* _DESCRIPTION OF THE TASK_
Copying rule for the data below: pictures stay out, and only the lines from the one with "Cotton bucket hat with logo and fringing" down to the one with "Будущим первоклассникам из", inclusive, are repeated exactly.

[Source data]
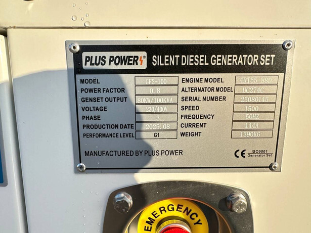 Brand: Plus Power Type: GF2-100 Serial number: 25080145 Year of construction: 2025 Fuel: Diesel Power: 88 kW
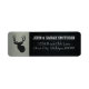 These rugged and modern return address labels are great for hunting themed invitations, hunting guide companies, or hunt clubs. They feature an antlered deer on a silver background. The address and names can be resized to make them fit for longer or shorter text. The address and names sit on top of a black diamond plate background.
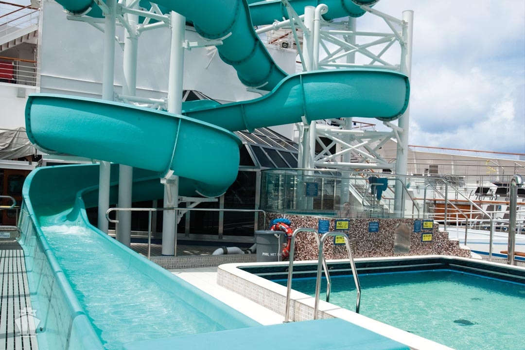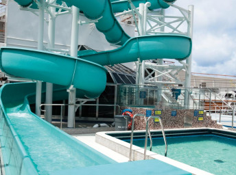 - Využívanie fitness centra, sauny, bežeckej dráhy, bazénov, víriviek, tobogánov a vodného parku (na vybraných lodiach), mini golf, basketbal, volejbal, stolný tenis, knižnica
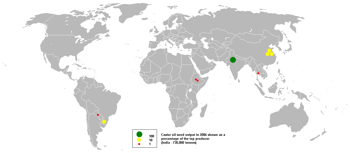피마자는 전 세계적으로 연간 약 100만 톤이 생산되며, 주요 생산지는 인도, 중국, 브라질이다.[45] 이들 국가에서는 활발한 생산 계획이 실시되고 있다.
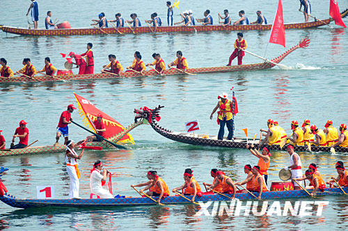 資料圖片:2008年6月6日,端午節(jié)前夕,湖北省秭歸縣龍舟選手在進(jìn)行傳統(tǒng)龍舟展演。 新華社記者 杜華舉 攝
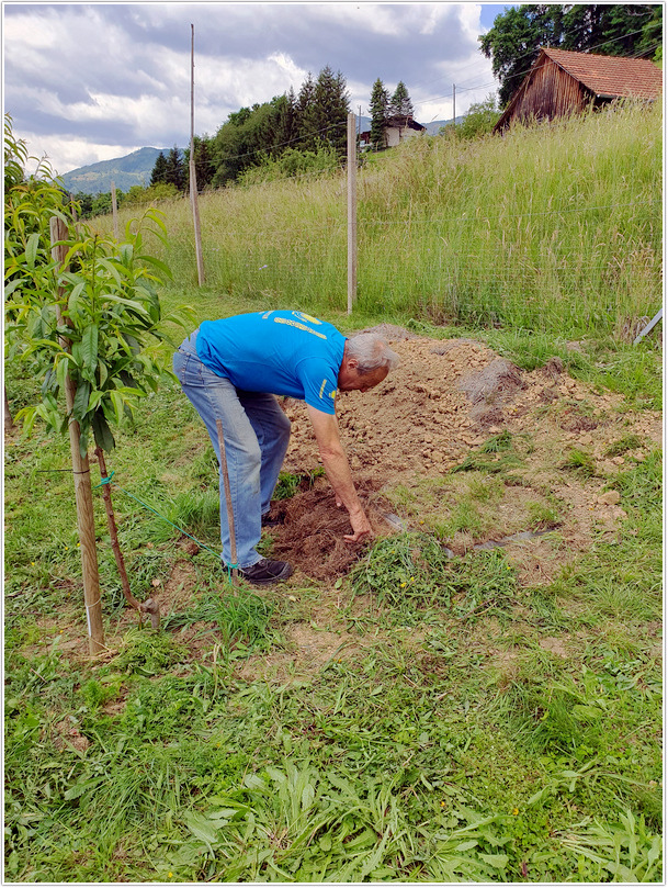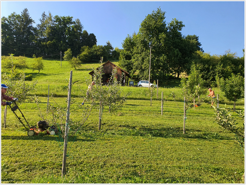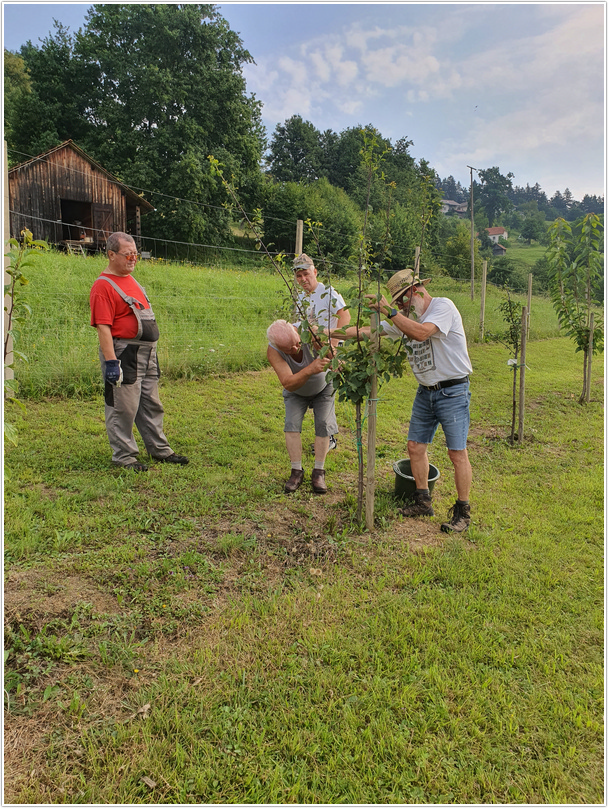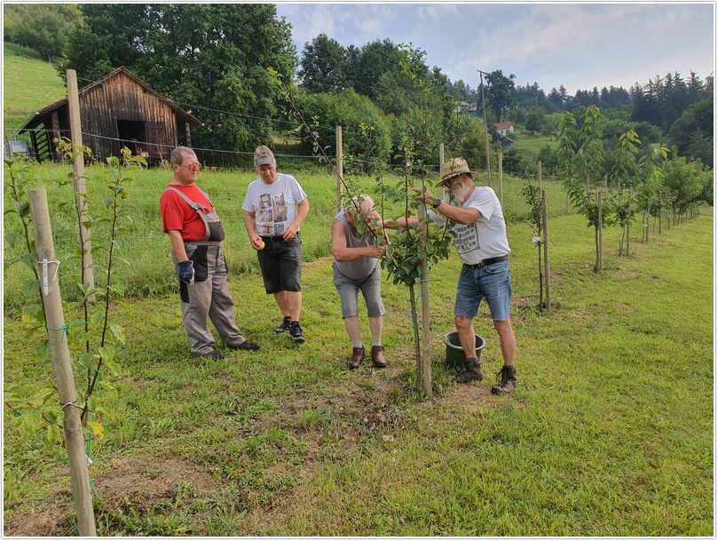 Vendar narava ne pozna karantene in naš nasad pod Rožnikom je rasel in klical po ureditvi. Takoj ko se je situacija malo umirila smo člani Upravnega odbora našega društva pričeli z dejavnostmi, da se je pokosila trava, poškropilo drevje, ki je bilo napadeno od listnih uši in ostalih bolezni. Poleg vsega je v našem nasadu naredil veliko škodo tudi voluhar, ki je spodjedel kar nekaj dreves.
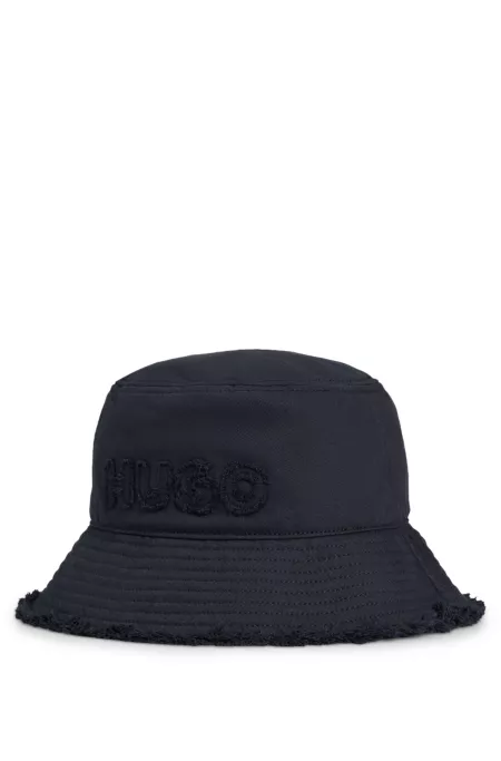 Cotton bucket hat with logo and fringing
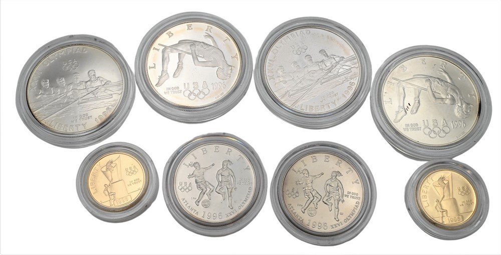 Eight Piece Coin Lot, to include one proof 5 dollar gold, and one uncirculated 5 dollar gold; along with 1996 Olympics to include 2 copper/nickel half dollars, 2 uncirculated silver dollars, and 2 proof silver dollars.
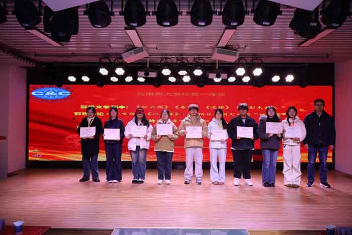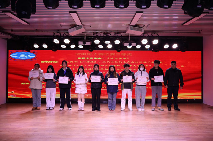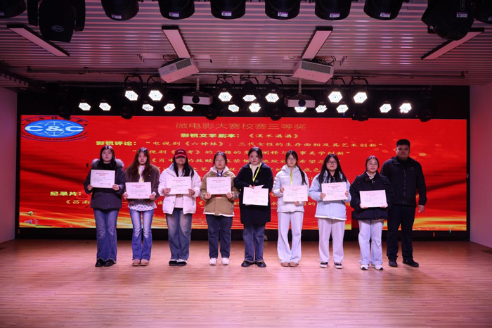 2025年微电影大赛校内选拔赛设有影视文学剧本、影视评论、纪录片、故事片和动画片四大类别,经过严格征集与评选,共诞生47部获奖作品,影视文学剧本《松云图》《春喃》《流银》《月影木韵》,影视评论《电视剧〈六姊妹〉:解码日常烟火中的“她力量”》故事片《春喃》《归乡》,纪录片《老街新呼吸》《取舍间,民为本》《剪入徽州梦》等10部作品获一等奖。365上市公司党委副书记(主持工作)王泽梁为获奖同学颁奖。
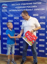 Будущим первоклассникам из многодетных и малообеспеченных семей Октябрьского района он вручил школьные наборы с тетрадями, канцелярскими принадлежностями и всем необходимым для уроков рисования и технологии.
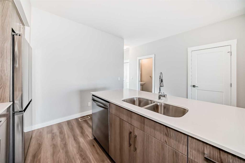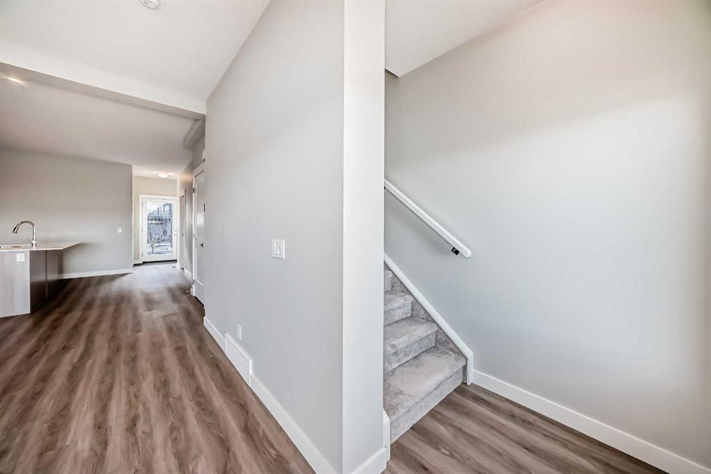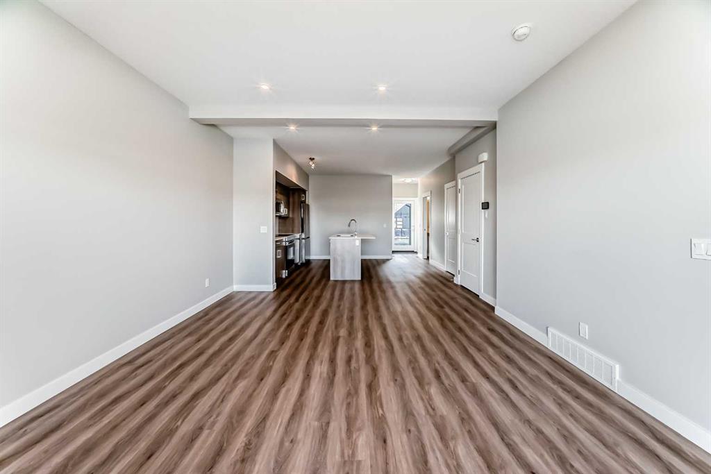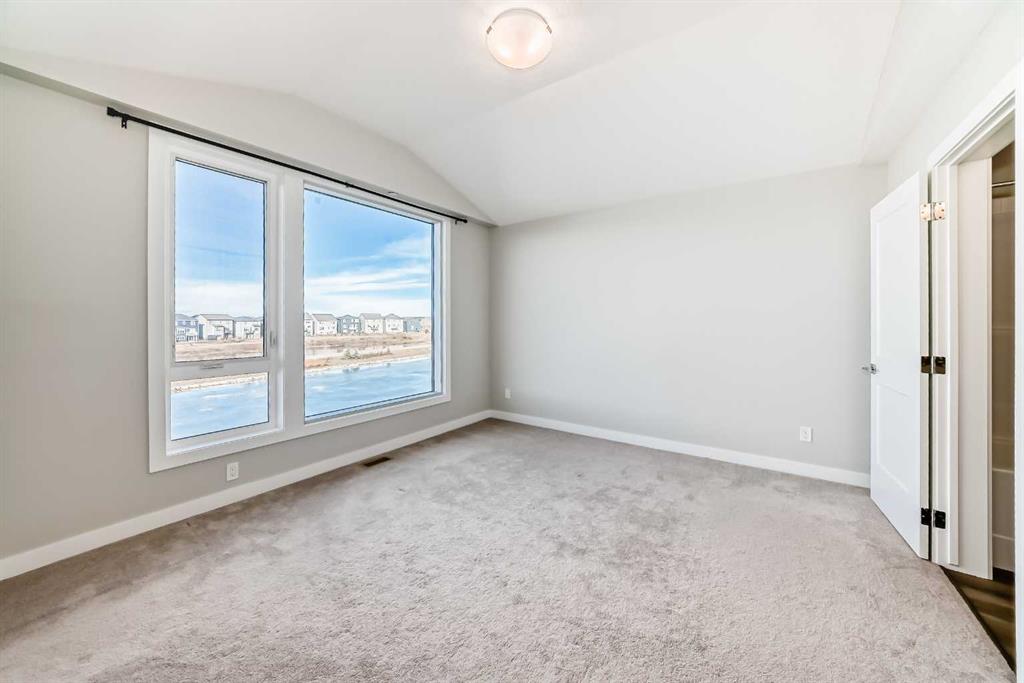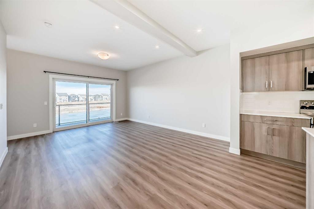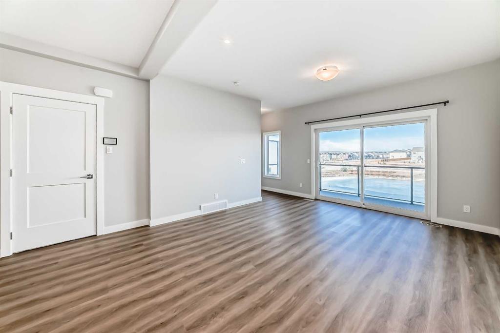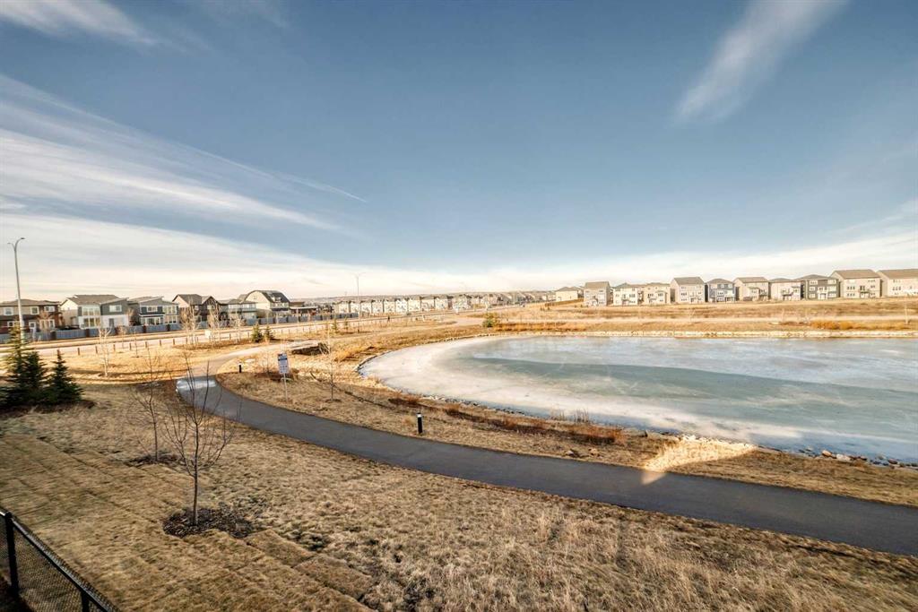 Welcome to this beautifully maintained, almost new 2 storey townhouse in the vibrant community of Livingston NW! Just over a year old, this home offers modern design, quality finishes, and a like new feel throughout. Step inside to a bright and open main floor featuring impressive 9 foot ceilings. The contemporary kitchen is equipped with stainless steel appliances, sleek quartz countertops, and ample cabinet space perfect for both daily living and entertaining. The spacious living room provides direct access to a private deck, ideal for enjoying your morning coffee or summer evenings. A convenient 2 piece bath is also located on the main floor. upstairs, you’ll find three generously sized bedrooms, including a primary suite complete with a walk-in closet and a stylish 4 piece ensuite. An additional full bathroom completes the upper level. The walk-out basement leads to a concrete patio, offering additional out door living space. Backing onto a serene pond and scenic walkway green space, this home boasts beautiful views year round. During the summer months, relax and take in the peaceful setting with a picturesque fountain right behind your home. Combining modern comfort, a prime location, and like new condition, this is an exceptional opportunity you won’t want to miss!
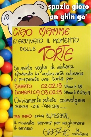 Mozzo: spazio An Ghin Go’ cercasi mamme esperte pasticciere…. admin16 gennaio 201316 gennaio 2013blog post Navigazione articoli PrecedenteContinua Condividi:CondivisioneTweet Fai clic qui per stampare (Si apre in una nuova finestra) Stampa Fai clic per inviare un link a un amico via e-mail (Si apre in una nuova finestra) E-mail Mi piace Caricamento... Correlati
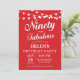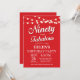 90 Birthday Invitation with String Lights Red Background. Festa de aniversário de mulher. Noventa e fabuloso. Qualquer idade.
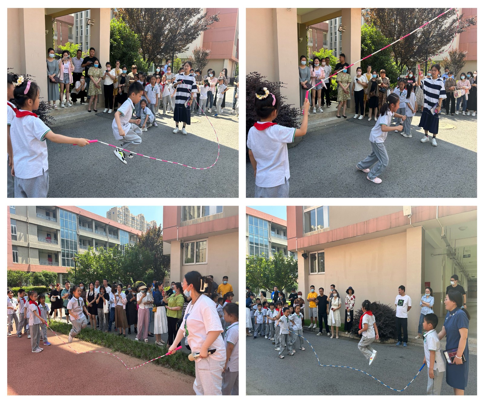 接着,老师们和家长们走进操场,观看了“阳光体育大课间活动”。孩子们在阳光下做着整齐的特色操,又分区域开展了不同年级的特色体育运动。一年级的孩子们拿起长绳,有条不紊地接力跳绳,训练有素的样子让家长忍不住上去一共参加。
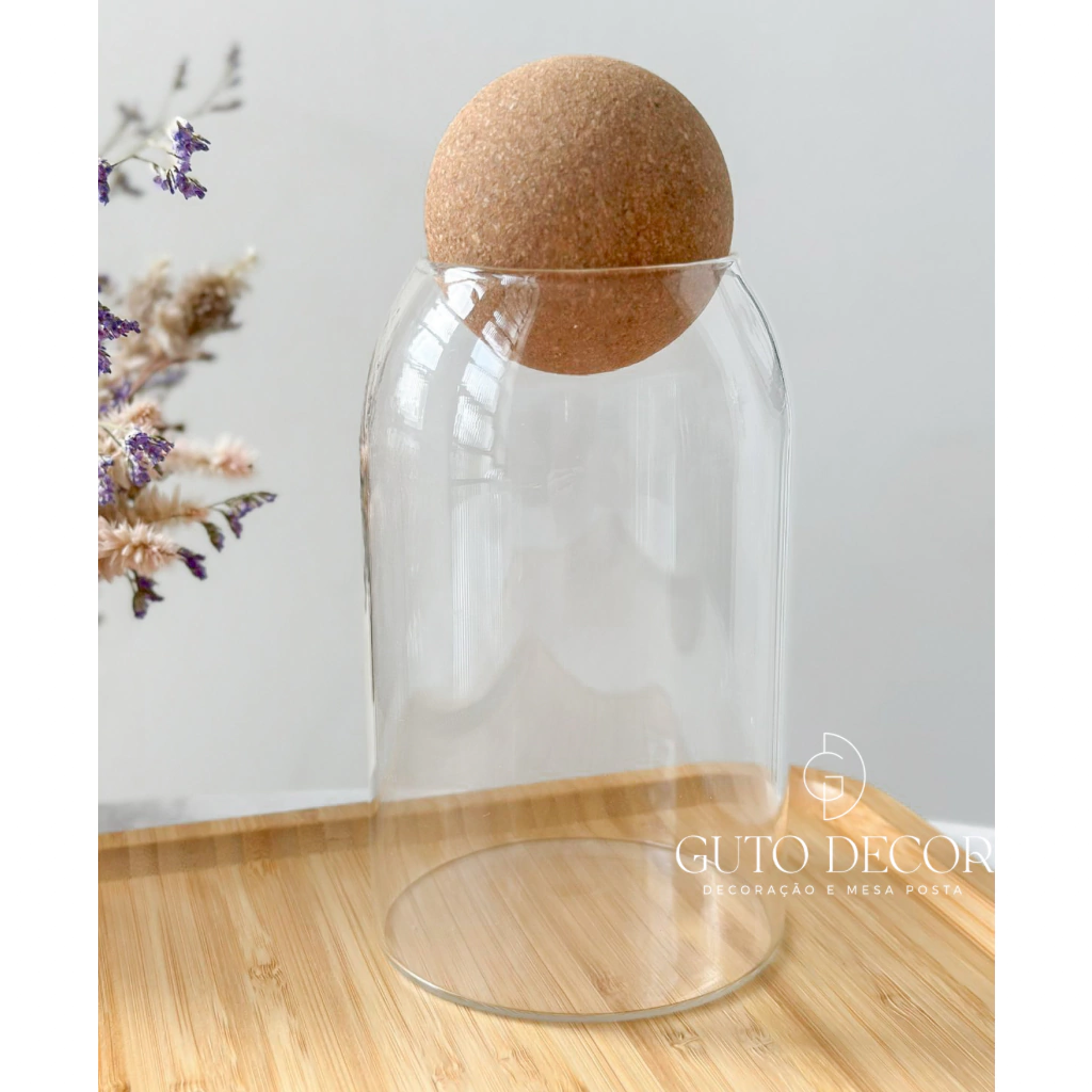 Pote de Vidro com Tampa Bola Cortiça M 20cm
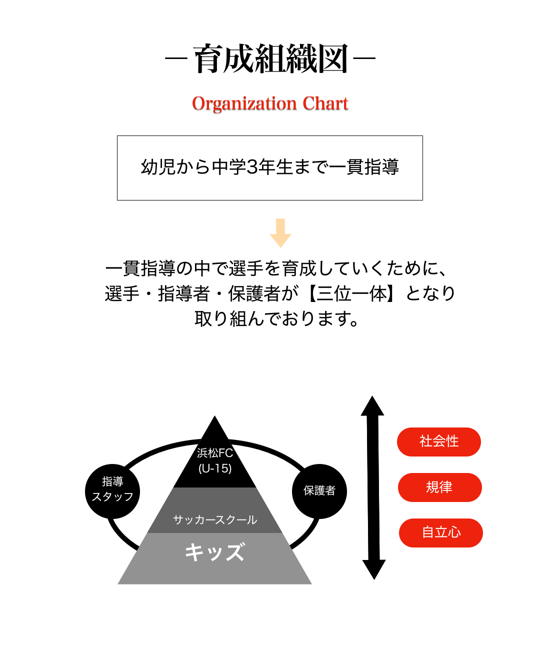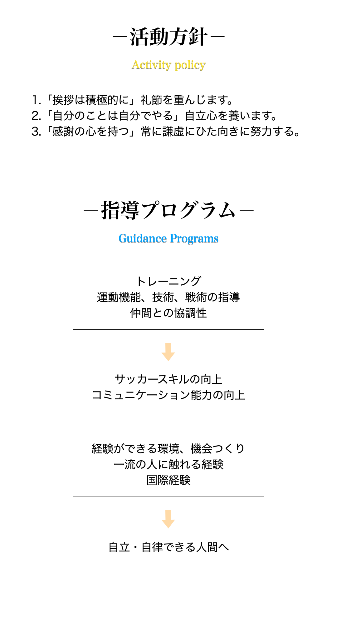 世界中で愛されているサッカーを通じて人間形成に重点を置き、サッカーが持つ「力」を活かして世界に羽ばたく選手を育成していきます。

* _WRITTEN REPLY_
 Cotton bucket hat with logo and fringing
 Eight Piece Coin Lot, to include one proof 5 dollar gold, and one uncirculated 5 dollar gold; along with 1996 Olympics to include 2 copper/nickel half dollars, 2 uncirculated silver dollars, and 2 proof silver dollars.
 2025年微电影大赛校内选拔赛设有影视文学剧本、影视评论、纪录片、故事片和动画片四大类别,经过严格征集与评选,共诞生47部获奖作品,影视文学剧本《松云图》《春喃》《流银》《月影木韵》,影视评论《电视剧〈六姊妹〉:解码日常烟火中的“她力量”》故事片《春喃》《归乡》,纪录片《老街新呼吸》《取舍间,民为本》《剪入徽州梦》等10部作品获一等奖。365上市公司党委副书记(主持工作)王泽梁为获奖同学颁奖。
 Будущим первоклассникам из многодетных и малообеспеченных семей Октябрьского района он вручил школьные наборы с тетрадями, канцелярскими принадлежностями и всем необходимым для уроков рисования и технологии.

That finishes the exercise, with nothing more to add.